Actually, I think it is the rate of cooling *and* the differential
cooling -- if it exists at all. Like you, I am skeptical -- but am I
willing to bet $25K on it? Nope.

How does the rate affect things? I have a masters in structural
engineering and work for a materials company so don't be afraid to get
technical. :-)

It doesn't (in metals) unless the temperature change is very high and
very localized as in welding.

That's my understanding also, but I wanted to see Jay's information.
Maybe he's found some phenomenon I'm not aware of.

Matt

To Jay, do you monitor your engine analyzer when you go from cruise
power into the pattern and then pull the throttle back during your
approach? How gradually do you pull power back there, and how do the
temps on the analyzer compare to what you did in the simulated
engine-out practice?

Yep. The shock-cooling alarm never goes off during a regular
approach, because of the gradual nature of things. By the time we
enter downwind, we've got the prop and mixture full forward, and are
adjusting manifold pressure (throttle) only slightly to control
airspeed. We're looking for 100 mph/90 knots on downwind.
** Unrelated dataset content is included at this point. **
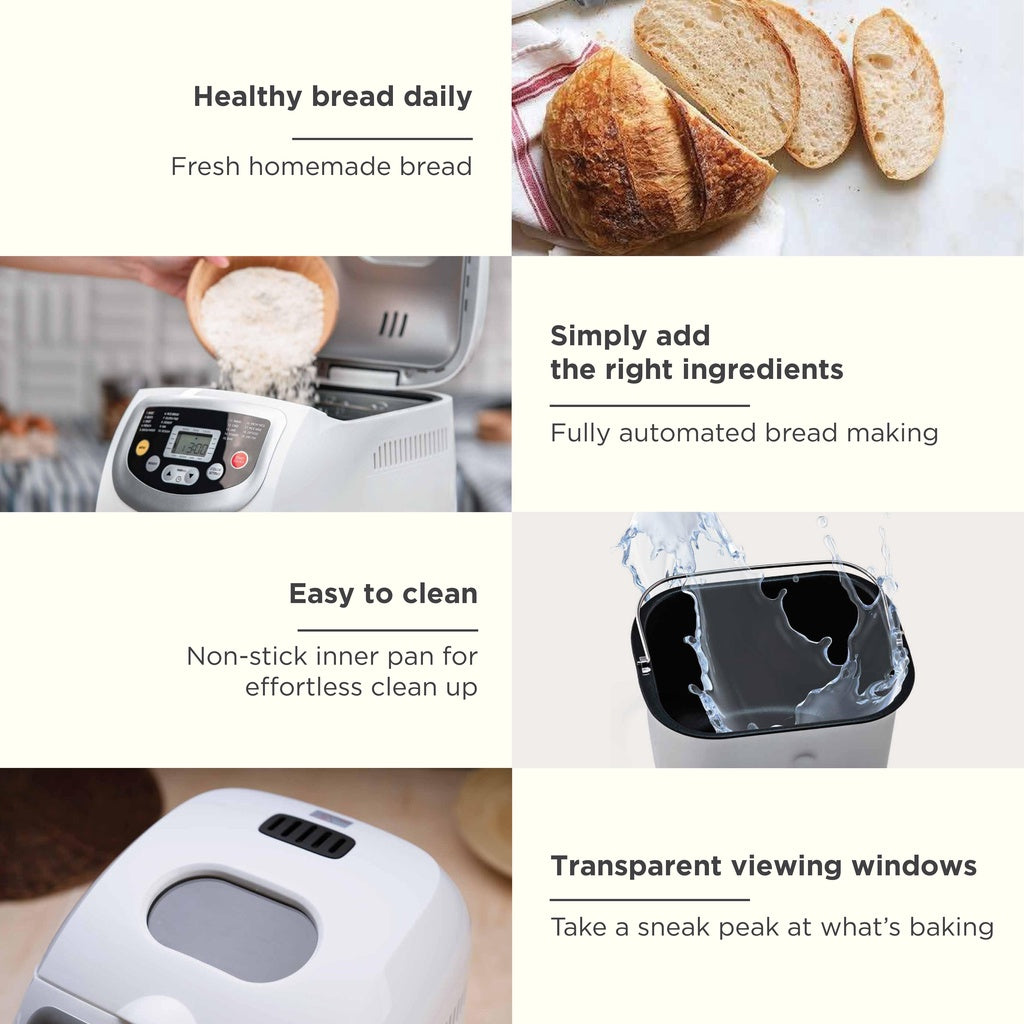 - User friendly: Add measured ingredients into the baking pan, snap it back and close the lid. Input the desired selections from the control panel, and it takes care of the rest – baking up to a 1-KG loaf to delicious perfection

This wind-down from cruise speed (160 mph/140 knots) usually takes
several minutes, unless we're being asked to keep our speed up at a
controlled field. We generally carry power into the flare (hey, it's
a Cherokee, and a nose-heavy one at that), slowly retarding power as
we touch down.

Apparently this procedure (which we do without thinking about it) is
engine-friendly enough to keep the temperature rate-of-decline outside
of the shock cooling alarm's parameters.

In the future I think we'll practice slow flight (which mimics this
whole engine management procedure) before practicing engine-out
stuff. That should prevent the whole shock-cooling problem,
methinks.
--
Jay Honeck
Iowa City, IA
Pathfinder N56993
www.AlexisParkInn.com
"Your Aviation Destination"

The issue with shock cooling isn't the rate of cooling per se, but
rather stress induced by differential cooling.

Actually, I think it is the rate of cooling *and* the differential
cooling -- if it exists at all. Like you, I am skeptical -- but am I
willing to bet $25K on it? Nope.

How does the rate affect things? I have a masters in structural
engineering and work for a materials company so don't be afraid to get
technical. :-)

How 'bout this: It's the disparate rates of cooling in some parts of
the engine (versus others) that causes the differential cooling that
induces stress?
--
Jay Honeck
Iowa City, IA
Pathfinder N56993
www.AlexisParkInn.com
"Your Aviation Destination"

Jay Honeck wrote:
The issue with shock cooling isn't the rate of cooling per se, but
rather stress induced by differential cooling.
Actually, I think it is the rate of cooling *and* the differential
cooling -- if it exists at all. Like you, I am skeptical -- but am I
willing to bet $25K on it? Nope.
How does the rate affect things? I have a masters in structural
engineering and work for a materials company so don't be afraid to get
technical. :-)

How 'bout this: It's the disparate rates of cooling in some parts of
the engine (versus others) that causes the differential cooling that
induces stress?

Yes, that is what I said originally. It is differential cooling that
causes the problem, not the rate of cooling itself. If you could cool
the entire engine uniformly, I don't think it would matter much how fast
you cooled it.

It isn't the rate itself that causes a problem, it is the difference in
rates from one location to another. However, I still think that the
greatest thermally induced stress occurs during the initial heat-up from
a cold start, but I don't have any data to confirm that and I don't have
an instrument airplane with which to collect the data.

Matt

A slow reduction in power setting certainly isn't realistic. I've had a few
power failures in my time (all in twins) and in every case the loss was
fairly sudden. I've never run out of fuel, but I have run a tank almost dry
on purpose, and the associated coughing and sputtering gave me plenty of
warning.

Bob Gardner

"Jay Honeck" wrote in message
ups.com...
As previously noted (in the thread about Paul's wife getting scared),
Mary and I had virtually stopped doing this kind of flying for fear of
harming our (very expensive) engine. A lively debate ensued as to
whether or not repeated high-to-low-to-high power applications would
wear out your engine any faster than would normal operations.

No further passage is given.